Auf Modulebene liefert das Fraunhofer ISE die Referenz: Bereits Anfang 2024 stellte das Institut ein Tandem-Modul im industriellen Vollformat mit 25 Prozent Wirkungsgrad vor – 421 Watt auf 1,68 Quadratmetern. 2026 folgte gemeinsam mit Oxford PV ein geschindeltes Modul mit 25,6 Prozent.
Für die Einordnung heißt das: Es gibt keinen einzelnen Anbieter, sondern ein Feld aus Herstellern und Instituten, das sich in kurzen Abständen überbietet. Diese Dynamik senkt mittelfristig die Kosten und erhöht die Verfügbarkeit – erschwert aber zugleich den direkten Vergleich, weil Zell-, Modul- und Serienwerte oft durcheinandergehen.
Lebensdauer, Stabilität und wann sich der Wechsel rechnet
Die offene Frage bei Perowskit ist nicht der Wirkungsgrad, sondern die Haltbarkeit. Perowskit-Schichten reagieren empfindlicher auf Feuchte, Wärme und UV-Strahlung als reines Silizium. Für ein Dach, das 20 bis 30 Jahre laufen soll, ist die Langzeitstabilität deshalb der entscheidende Prüfstein.
Die Hersteller adressieren das offen. Oxford PV nennt eine 20-jährige Lebensdauer als Ziel für 2027 und koppelt sie in der Roadmap an 27 Prozent Wirkungsgrad; die heute ausgelieferten Module sind auf kürzere Zeiträume ausgelegt.

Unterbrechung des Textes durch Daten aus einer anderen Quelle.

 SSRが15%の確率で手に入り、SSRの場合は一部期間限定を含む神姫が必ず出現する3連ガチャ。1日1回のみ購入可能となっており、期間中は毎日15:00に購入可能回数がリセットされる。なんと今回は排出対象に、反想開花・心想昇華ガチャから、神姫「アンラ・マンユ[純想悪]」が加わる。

Eine Lebensdauer von rund 20 Jahren gilt in der Branche als Schwelle für die breite Vermarktung. Qcells verweist auf bestandene IEC- und UL-Belastungstests, etwa Feuchte-Wärme-Prüfungen bei 85 Grad Celsius und 85 Prozent Luftfeuchte.

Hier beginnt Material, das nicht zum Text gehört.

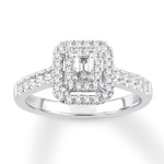 10k White Gold 1/2 tdw Emerald Cut Dia Engagement Ring

Diese Tests sind ein wichtiges Signal, ersetzen aber keine Praxis: Belastbare Felddaten über 20 bis 30 Jahre Betrieb existieren für Perowskit-Tandem-Module schlicht noch nicht, weil die Technik erst seit Kurzem im Außeneinsatz steht. Für die Kalkulation bedeutet das ein Restrisiko bei Degradation und Garantiebedingungen, das bei etablierten Silizium-Modulen so nicht besteht.

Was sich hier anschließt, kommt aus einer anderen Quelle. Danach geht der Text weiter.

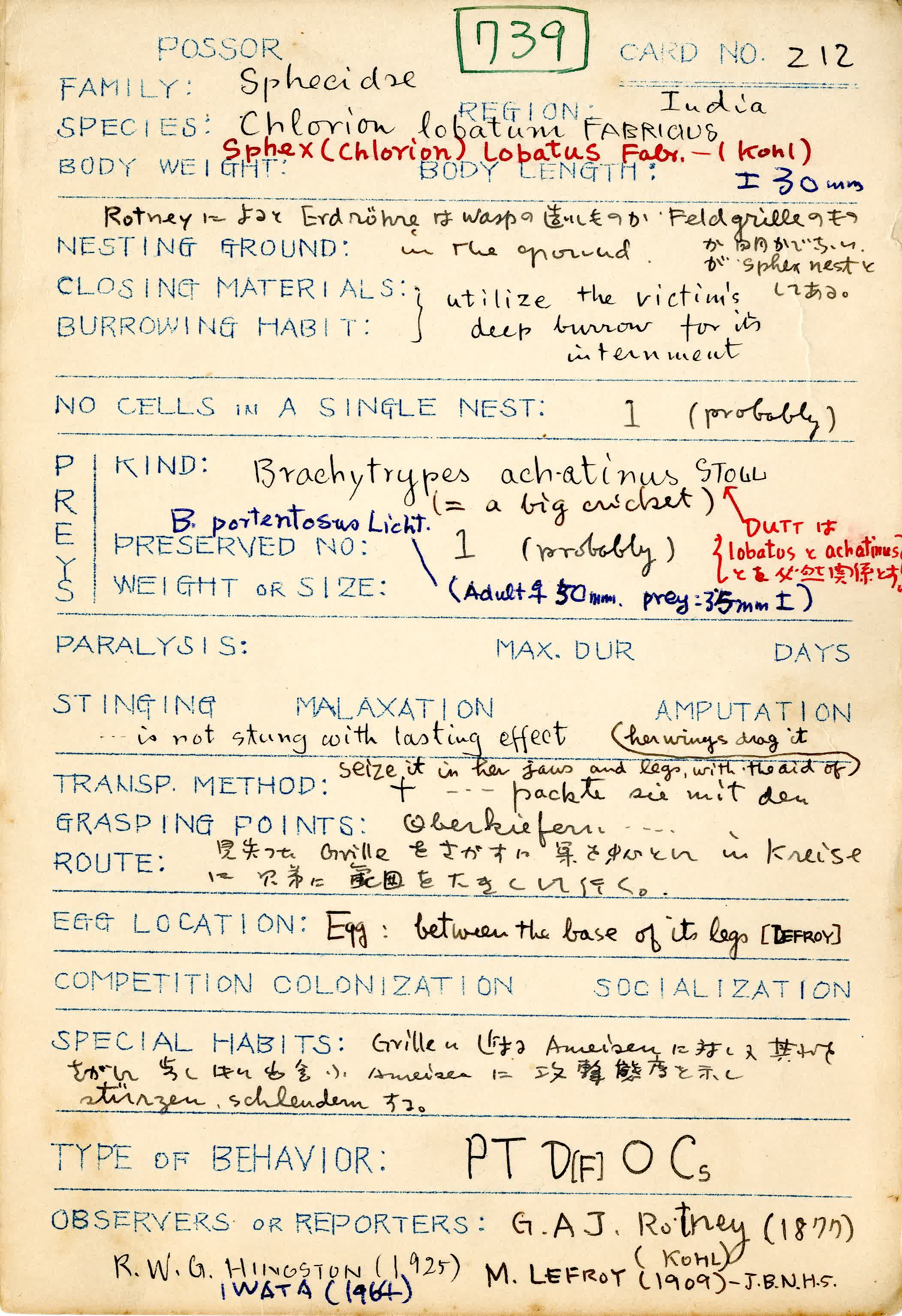 岩田久二雄フィールドノート

Wann lohnt sich der Wechsel also? Vor allem dort, wo die Dachfläche der Engpass ist und der Mehrertrag pro Quadratmeter einen Aufpreis rechtfertigt. Auf großzügigen Dächern mit reichlich Fläche bleibt bewährtes Silizium oft die wirtschaftlichere Wahl. Sinnvoll ist, die Garantie- und Degradationszusagen genau zu lesen, den Angebotsvergleich auf Basis des Modulwirkungsgrads und nicht des Zellrekords zu führen und die Auslegung an Statik, Wechselrichter und Netzanschluss zu spiegeln.